Gabung Newsletter Not A Perfect Daddy →

Ini juga contoh kecil dari kerja cerdas, bukan kerja keras. Kamu tidak perlu buat produk baru atau posting lebih sering. Kamu cuma perlu satu langkah lebih jauh dalam memahami siapa yang kamu jual ke, dan itu bisa mengubah hasil tanpa nambah jam kerja sama sekali.

Pertanyaan yang Sering Muncul

Kenapa fungsi produk saya sudah bagus tapi tetap kalah sama kompetitor yang produknya biasa saja?

Karena kompetitor kamu mungkin sudah lebih dulu ngomong ke rasa, bukan cuma fungsi. Orang tidak selalu pilih yang objektif paling bagus, mereka pilih yang bikin mereka merasa paling dimengerti. Kalau kompetitor kamu bicara ke rasa aman atau rasa diakui, sementara kamu masih bicara spesifikasi, mereka menang duluan di level emosi sebelum orang sempat bandingkan kualitas.

Apakah saya perlu ganti seluruh produk saya kalau ternyata rasa yang saya jual selama ini salah?

Tidak perlu ganti produk. Yang perlu diganti biasanya cuma cara kamu ngomong soal produk itu, di caption, di deskripsi, di cara kamu jawab chat calon pembeli. Produk kamu mungkin sudah benar, cuma pesannya yang belum nyambung ke rasa yang tepat.

Bagaimana kalau rasa yang saya temukan ternyata beda-beda tiap pembeli?

Wajar. Pilih satu rasa yang paling sering muncul dan paling kuat, lalu jadikan itu pesan utama kamu. Kamu tidak bisa dan tidak perlu bicara ke semua rasa sekaligus. Satu rasa yang tajam lebih kuat dari lima rasa yang samar-samar.

Apakah ini cuma soal copywriting, atau memengaruhi cara saya bikin produk juga?

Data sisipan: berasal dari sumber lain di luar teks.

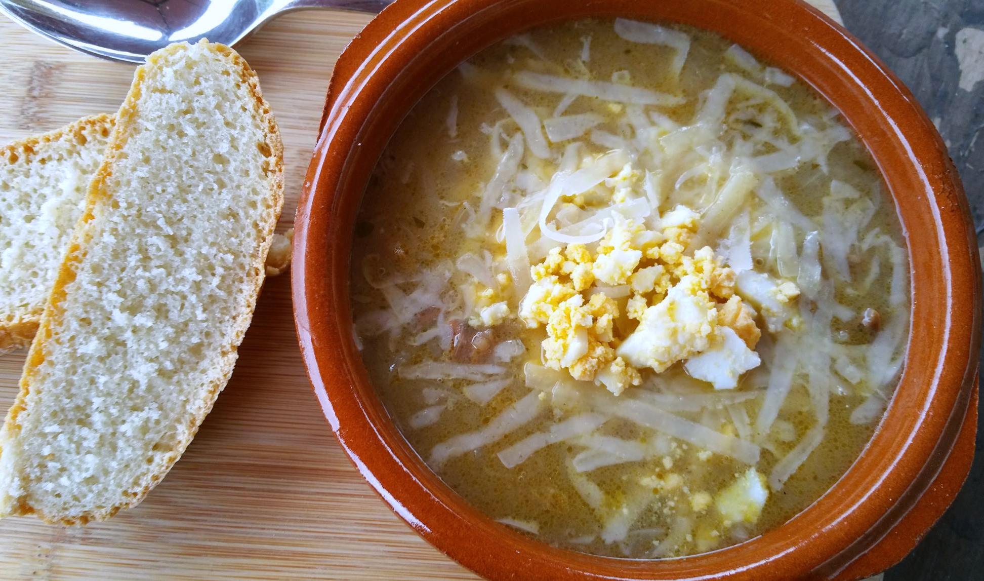 Serveer de soep met geraspte kaas, eieren en naast verse gebakken brood.
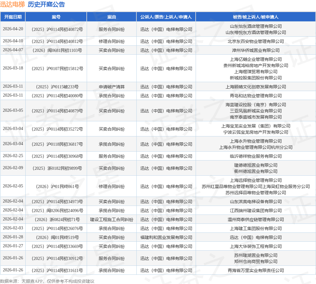 案号:(2026)沪01民终861号根据统计,近一年内以迅达(中国)电梯有限公司为当事人的历史开庭公告有229则,其中案由为“买卖合同纠纷”的公告以130则居首,其次为“承揽合同纠纷”有35则,“修理合同纠纷”有19则。历史开庭公告(前20条)如下:
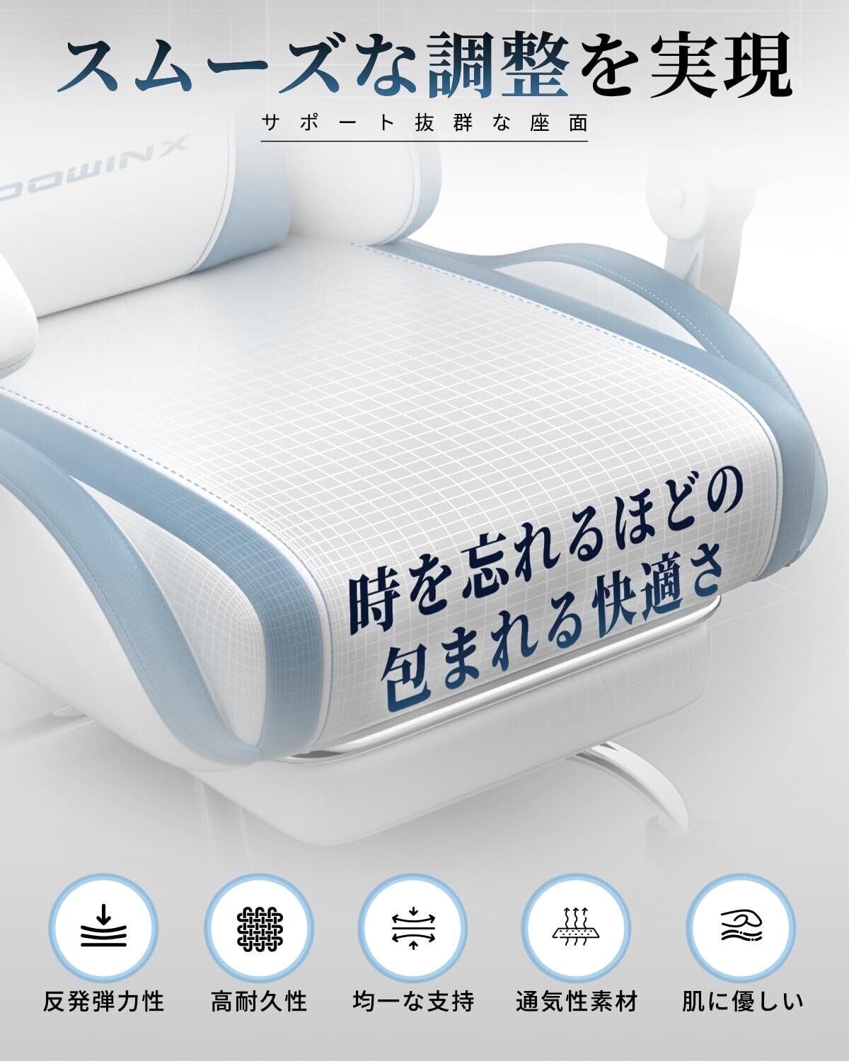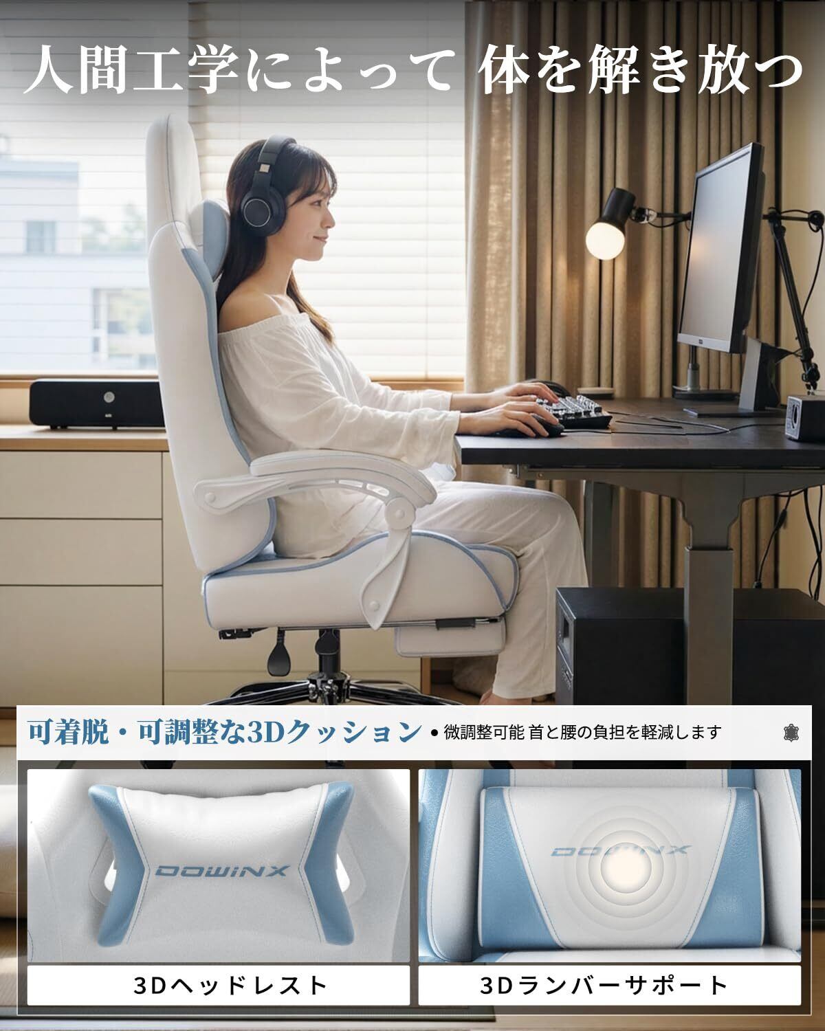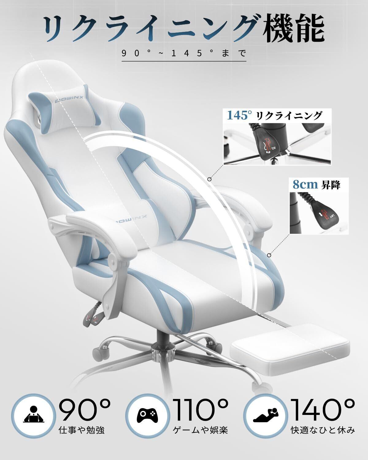 【特価セール】Dowinx ゲーミングチェア ゲーム用 PUレザー 通気性 フラットな座面 オフィスチェア オットマン ヘッドレスト 腰当て付き テレワーク 勉強椅子 椅子 145°リクライニング 高さ調節 疲れない 人間工学 ソファー座り心地 在宅ワーク リモート 腰痛対策 ホワイトとブルー LS-66D58F-04
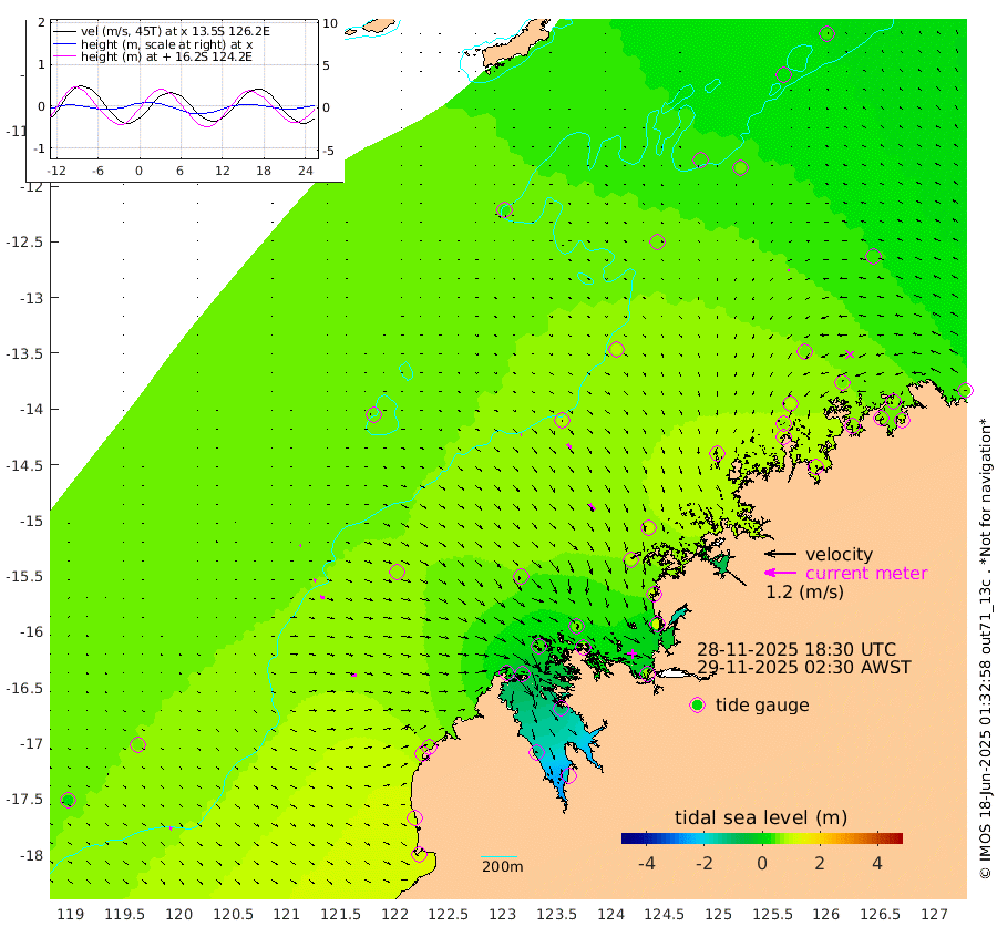 2cm/s 81T +10cm/s rms + 1cm/s 1T. NWSBRW 205m 11cm/s 124T +11cm/s rms + 6cm/s -110T. NWSROW 199m 30cm/s 143T +5cm/s rms + 2cm/s 65T. CAM050 58m 20cm/s 138T +12cm/s rms + 5cm/s 92T. CAM100 99m 5cm/s 105T +7cm/s rms + 1cm/s -85T. KIM400 396m 9cm/s 114T +9cm/s rms + 5cm/s -119T. KIM200 208m 17cm/s 122T +11cm/s rms + 5cm/s -147T. KIM100 99m 22cm/s 93T +8cm/s rms + 3cm/s -103T. KIM050 59m 5cm/s -91T +4cm/s rms + 2cm/s 23T. TIMORS88 91m 18cm Imperieuse Reef 55cm Mermaid Reef 113cm Broome 76cm Cape Baskerville 62cm Red Bluff 93cm Cape Boileau 52cm Scott Reef (WA) 45cm Ashmore Reef 23cm Karrakatta Bay 7cm Sunday Island -139cm Valentine Island -168cm Derby -97cm Port Usborne 45cm Bedford Islands 70cm Yampi Sound (Koolan Island) 49cm Macleay Island 55cm Adele Island 79cm Browse Island 65cm Shale Island 113cm Lizard Island 96cm Hall Point 87cm Degerando Island 92cm White Island 52cm Skua No. 4 Well 52cm Jabiru 87cm Maret Island 74cm Baudin Island 93cm Cape Voltaire (Krait Bay) 24cm Dillon Shoal 36cm Laminaria 89cm Port Warrender 58cm Troughton Island 77cm Cassini Island 59cm West Holothuria Reef Offshore 67cm Jar Island 69cm Lynher Bank 85cm Heywood Shoal 38cm Pee Shoal 44cm Van Cloon Shoal 66cm Carronade Island 67cm Guy Point 81cm Napier Broome Bay 46cm Lesueur Island
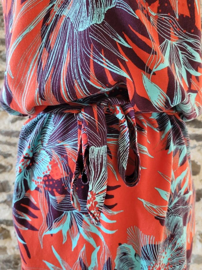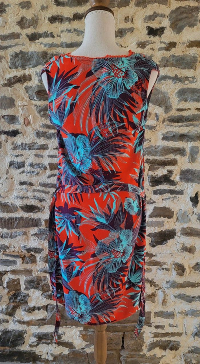 Robe d'été à fleurs hawaïennes bleu turquoise sur fond rouge corail Camaïeu Taille 36 - photo numéro 2
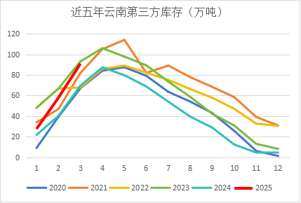 從全國、廣西工業庫存及廣西、云南第三方庫存數據看,工業庫存的拐點往年要在四月后出現,今年三月份全國庫存就已經拐頭向下,國產糖已停止累庫進入去庫周期。第三方倉庫庫存的拐點預計仍要四月后出現,但廣西同比增產28萬噸,庫存增加19.61萬噸,去庫速度快于同期。云南產糖量預計增加23萬噸,截至3月末第三方庫存同比增加21.25萬噸,累庫量略高于廣西,拐點預計要到五月后出現。如若后期國產糖繼續保持當下的去庫速度,整體庫存的壓力將小于去年。
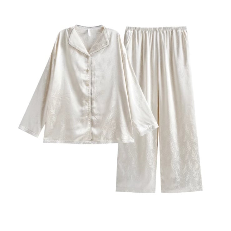 上品なツヤ感×リーフ柄のパジャマSET。
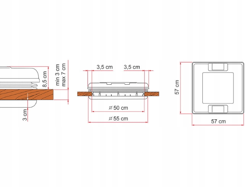 - внешние размеры внешней части: 570х 570 мм,
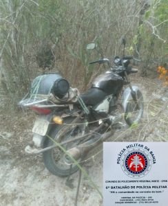 RESUMO: A vítima relata que ia para sua roça tirar leite conduzindo sua moto com um vasilhame de leite, quando dois indivíduos encapuzados abordaram o mesmo com armas de fogo em punho tipo 12 bengala de moto, mandaram a vítima descer em seguida montaram na motocicleta, uma Honda/CG150, placa JOX4763, cor preta tomando destino ignorado, em diligência Vtr 80610 localizou dentro da caatinga a motocicleta abandonada, que foi entregue ao proprietário.
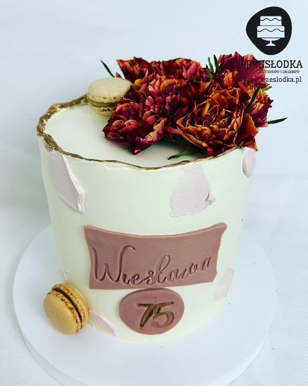 Tort urodzinowy dla kobiety z dekoracją z kwiatów naturalnych i makaroników. Tort na urodziny lub całkowicie bez okazji. Tutaj z dedykowaną etykietą wieku i imieniem. Torty Piaseczno, Warszawa.
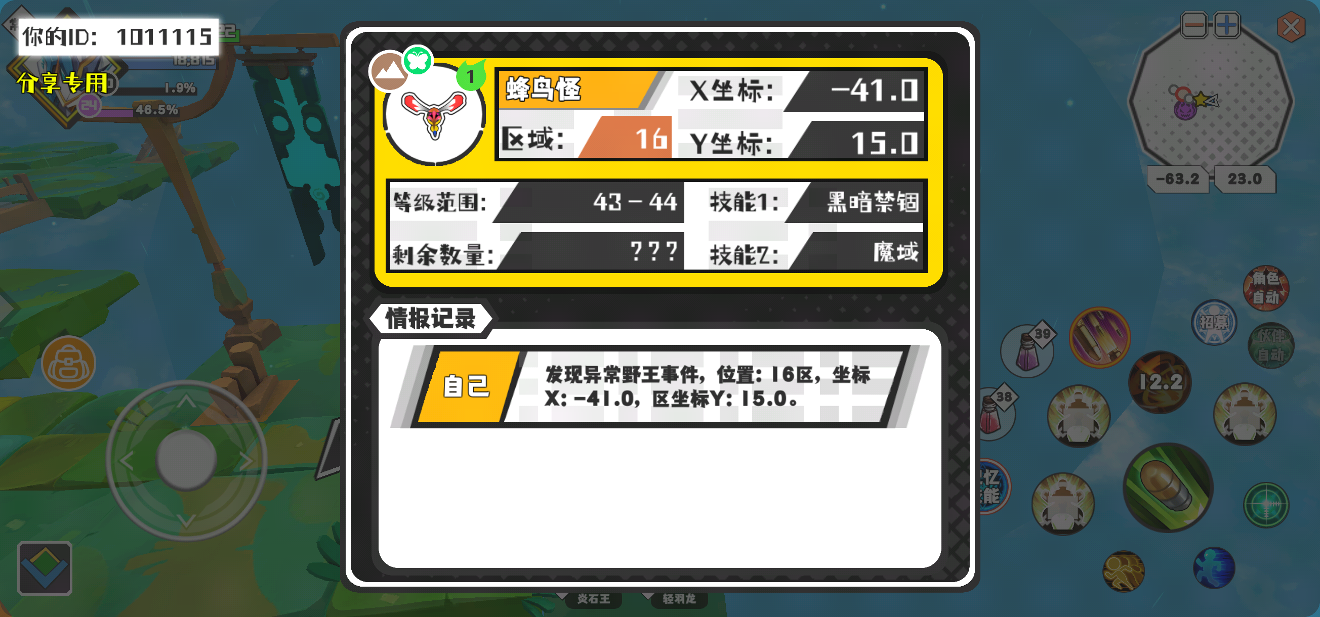 幸运时刻分享! 【野王异常出没】3月31日下午11点 - 蜂鸟怪【强度1】 【16区】 【X:-41.0, Y:15.0】

Dua-duanya. Begitu kamu tahu rasa yang sebenarnya dicari orang, kamu bisa sesuaikan detail kecil di produk atau jasa kamu supaya rasa itu makin terasa. Kalau rasanya “lega tidak berantem soal PR”, mungkin kamu bisa tambah laporan singkat ke orang tua tiap minggu biar rasa lega itu makin nyata, bukan cuma di iklan.